SXSW FILM 2011
By Don Simpson | March 22, 2011
Director: Miranda July
Writer(s): Miranda July
Starring: Miranda July, Hamish Linklater, David Warshofsky
Poor Paw Paw (creepily voiced by Miranda July), our narrator and…ahem…talking cat is dying. With only six months to live, Paw Paw requires constant medical attention. No one wants to adopt Paw Paw, that is until a cute curlicued couple, Sophie (Miranda July) and Jason (Hamish Linklater) decide that they will do a good deed and bring Paw Paw home with them. After they commit to taking care of Paw Paw, Sophie and Jason are informed by the animal clinic that their love and care will probably help Paw Paw live significantly longer, a revelation that strikes the two of them like a lightening bolt.
Suddenly, Sophie and Jason perceive their adoption of Paw Paw as the end of their lives while Paw Paw sees it as the highly anticipated renewal of his. It will be another 28 days until Sophie and Jason can officially bring Paw Paw home, so they have time to mentally prepare for this impending change in their lives. Sophie and Jason, both 35 years old, decide that they should make the very most of their remaining days of freedom. (“We’re 35 now…by the time the cat dies, we’ll be 40…might as well be 50…after that, spare change.” “Spare change?” “Less than a dollar — not enough to get anything you want.”)

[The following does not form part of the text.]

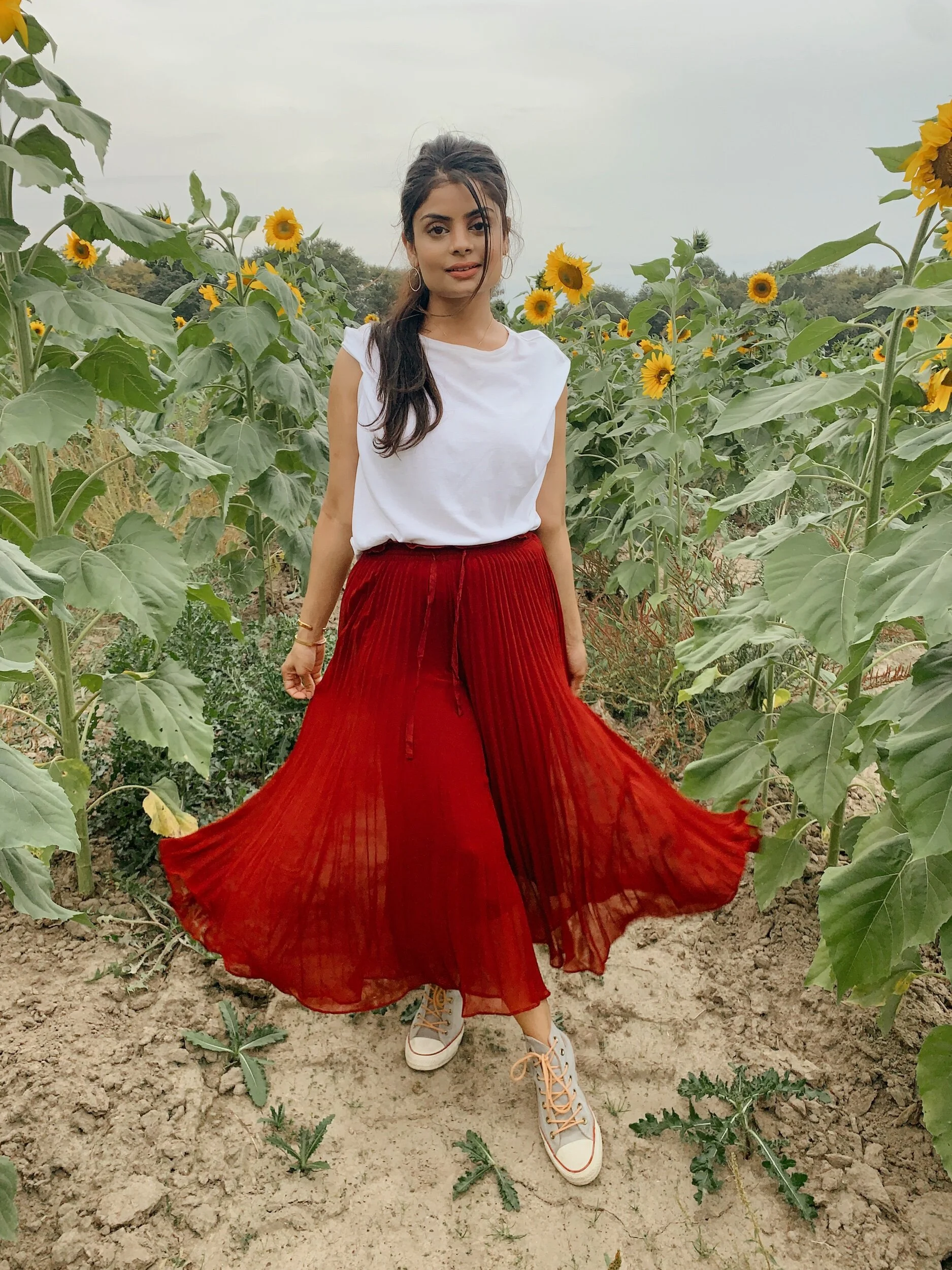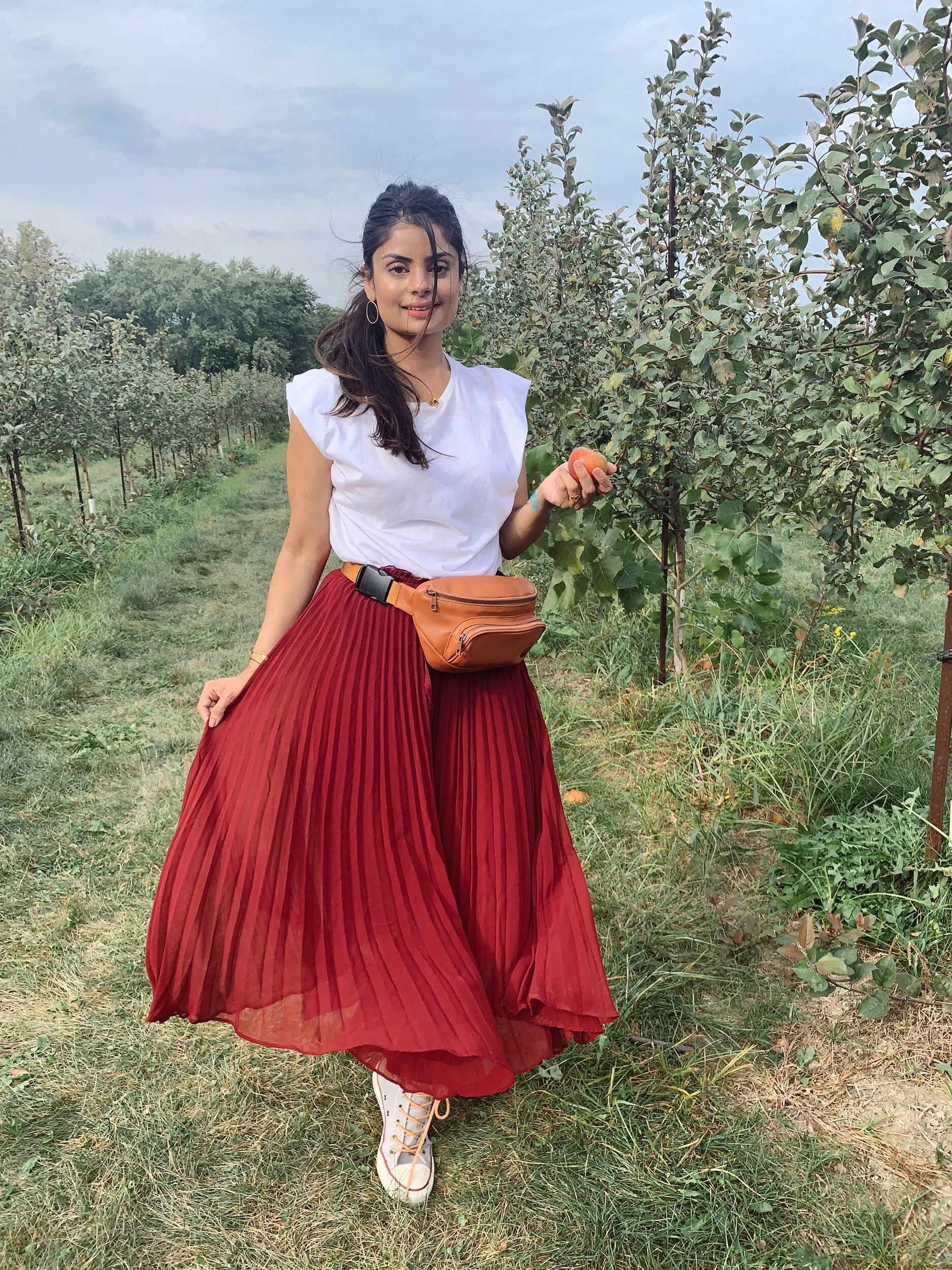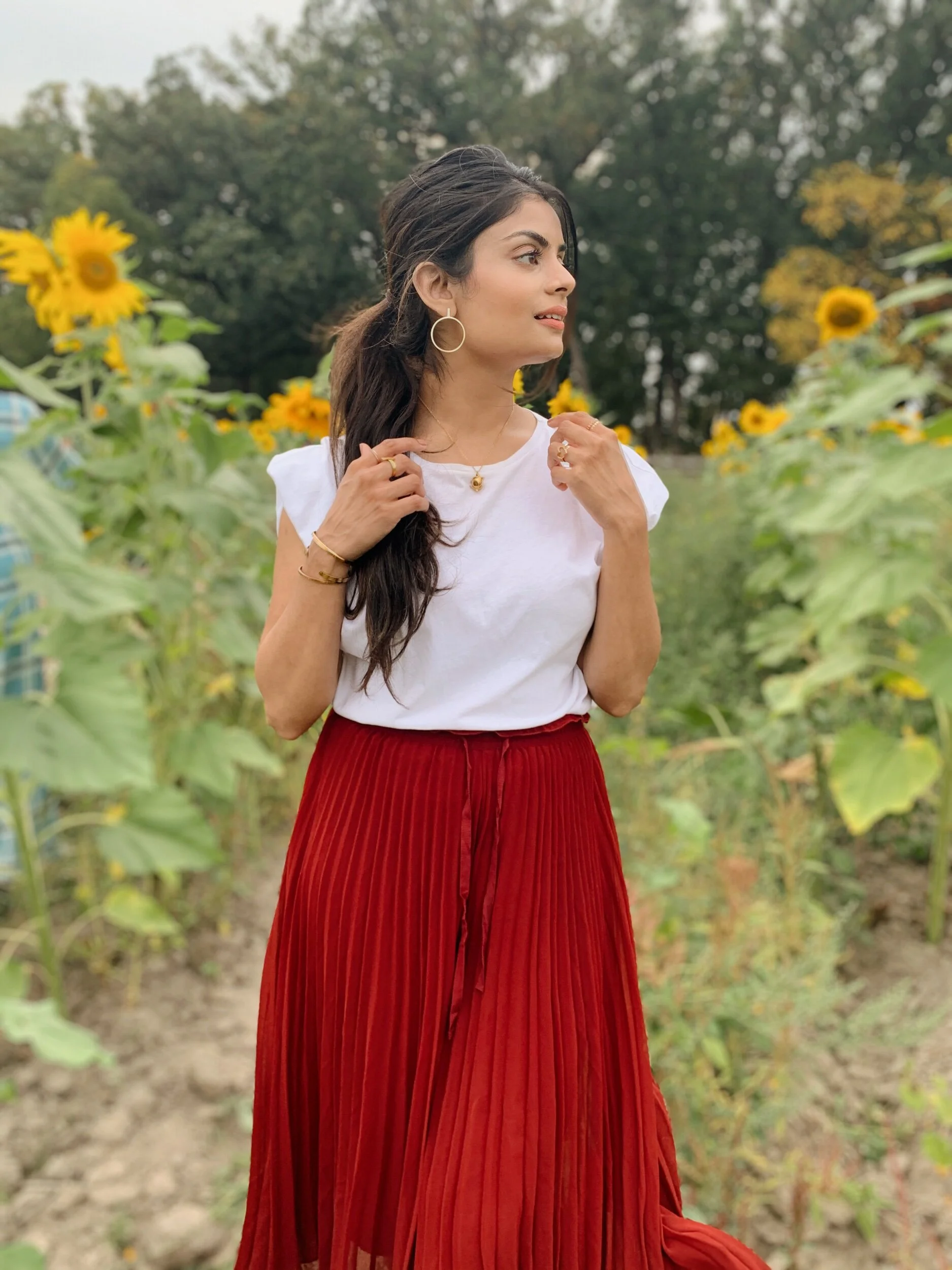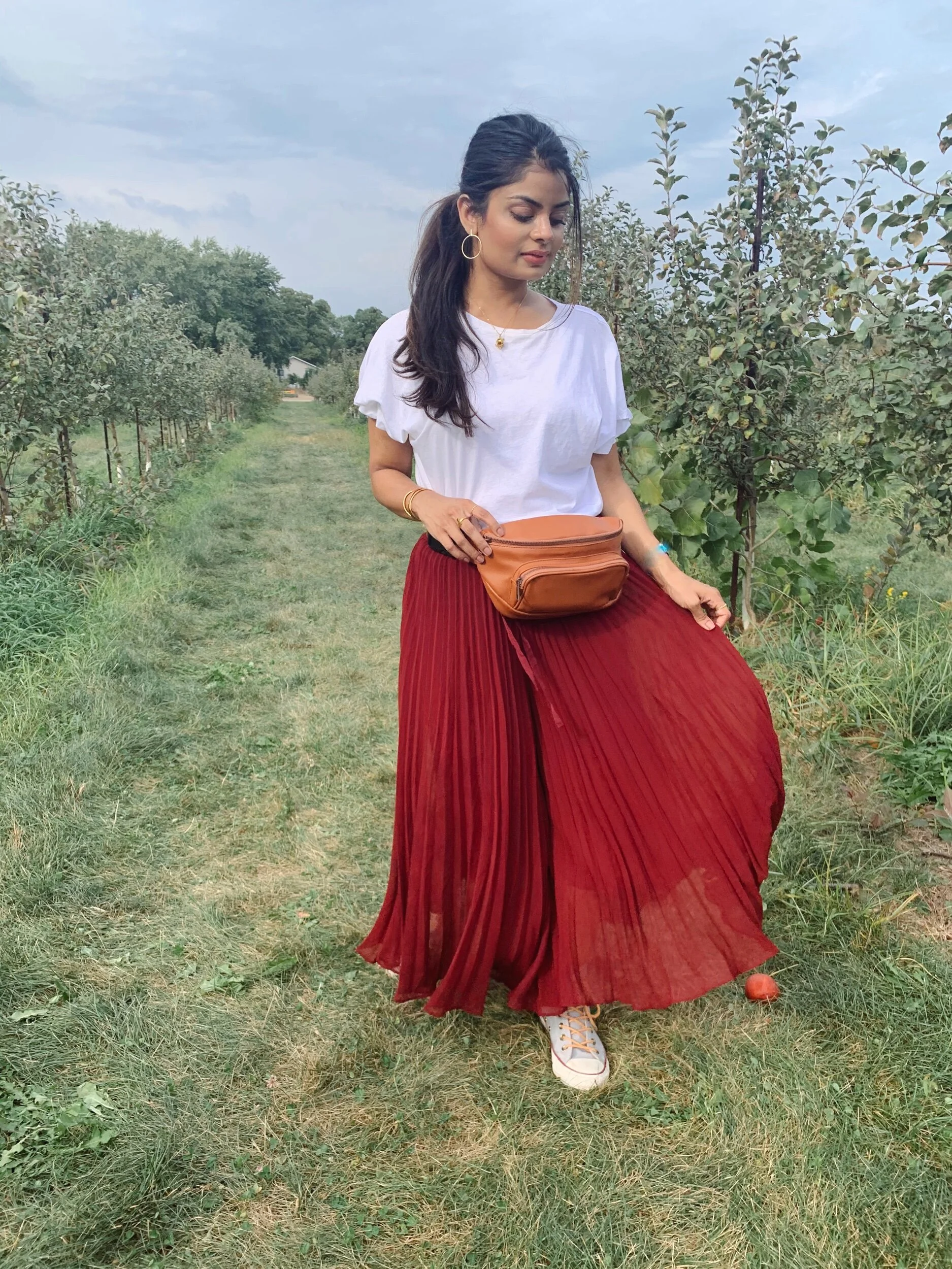 Bottoms: I’m wearing these super cute chiffon pleated culottes. I bought them in Spain last fall and I love the look that they give. They’re also very comfortable. Maroon is extremely trendy this season and can be easily paired with both dark and light colors to create the “fall” look. Here’s a similar pair in white or different colors from Shein. I’d prefer a purchase from a more sustainable brand like Asos however and these are available in satin pink.

Sophie quits her job as a dance instructor and promises herself that she will record a new dance routine on You Tube every day for the next 28 days. Jason quits his job as a computer support technician and opting to “look for coincidences” and “listen to what people are saying” for hints regarding his destiny, he becomes a volunteer for an environmental non-profit, Tree by Tree. (Jason describes the current state of the world, thanks in no small part to global warming, as a building just as it has been hit by a wrecking ball in a cartoon.) Sophie also releases them from the greatest shackle of them all by discontinuing their Internet service.
Jason’s new life suits him pretty well, but Sophie is unable to gain any momentum toward her goals. As a couple, their perceived freedoms begin gnawing at their relationship bonds; an insurmountable distance quickly grows between them. This is around the time where two key supporting characters, Marshall (David Warshofsky) and Joe (Joe Putterlik), are catapulted into the picture. Jason finds himself in a position that he must stop time (something he has claimed the ability to do ever since the opening scene), while Sophie partakes in a rebirth of sorts, via a stunningly surreal cocoon-like dance in a yellow t-shirt.
Sophie and Jason begin the film so perfectly matched for each other that they could have been twins. Now they are utter strangers because they embarked in making one serious commitment—the adoption of an ailing pet. Unfortunately, they cannot truly comprehend the dire consequences of breaking their commitment, not just to themselves, but also to Paw Paw. (Poor Paw Paw…) The fate of their relationship weighs heavily upon Paw Paw’s future. With allusions to the female baby factory, the female menstrual cycle (28 days) and fertility (35 years old, often the age associated with a sharp decline in fertility), The Future serves as apparent analogies for the certainty of the passage of time and “aging” couples whose seemingly perfect relationships become devastated by the possibility of throwing a baby into the mix. To many people, babies are the ultimate sign of commitment and represent the loss of personal freedom for the parents.
Following up on her near brilliant directorial debut, Me and You and Everyone We Know, writer-director Miranda July takes The Future to some new and fascinating places. The Future, unlike Me and You and Everyone We Know, dives deep into a world that mixes magical realism (the talking cat, Jason’s ability to stop time, etc.) with surrealism. She may have felt somewhat confined to cinematic conventions in Me and You and Everyone We Know; but with The Future, July expresses a uniquely personal freedom of expression. As psychologically cerebral as The Future seems, it is the work of unadulterated eye candy as well, with its luscious color palate, keen fashion eye, and wondrously theatrical scenes of performance art.
July also rehashes situations that are familiar to us from Me and You and Everyone We Know. Both films reveal that July is fascinated by relationships between people who “know” each other and between complete strangers and creates various scenarios to compare and contrast the levels of kindness, strangeness and romanticism inherent in each pairing. July’s characters are deeply flawed and unpredictable, revealing incredibly wide ranges of emotions and desires. The differences between coincidence and fate are practically indistinguishable; I sometimes wonder if July is working out her theological beliefs concerning the presence of a “higher power” at the rate of 24 frames per second.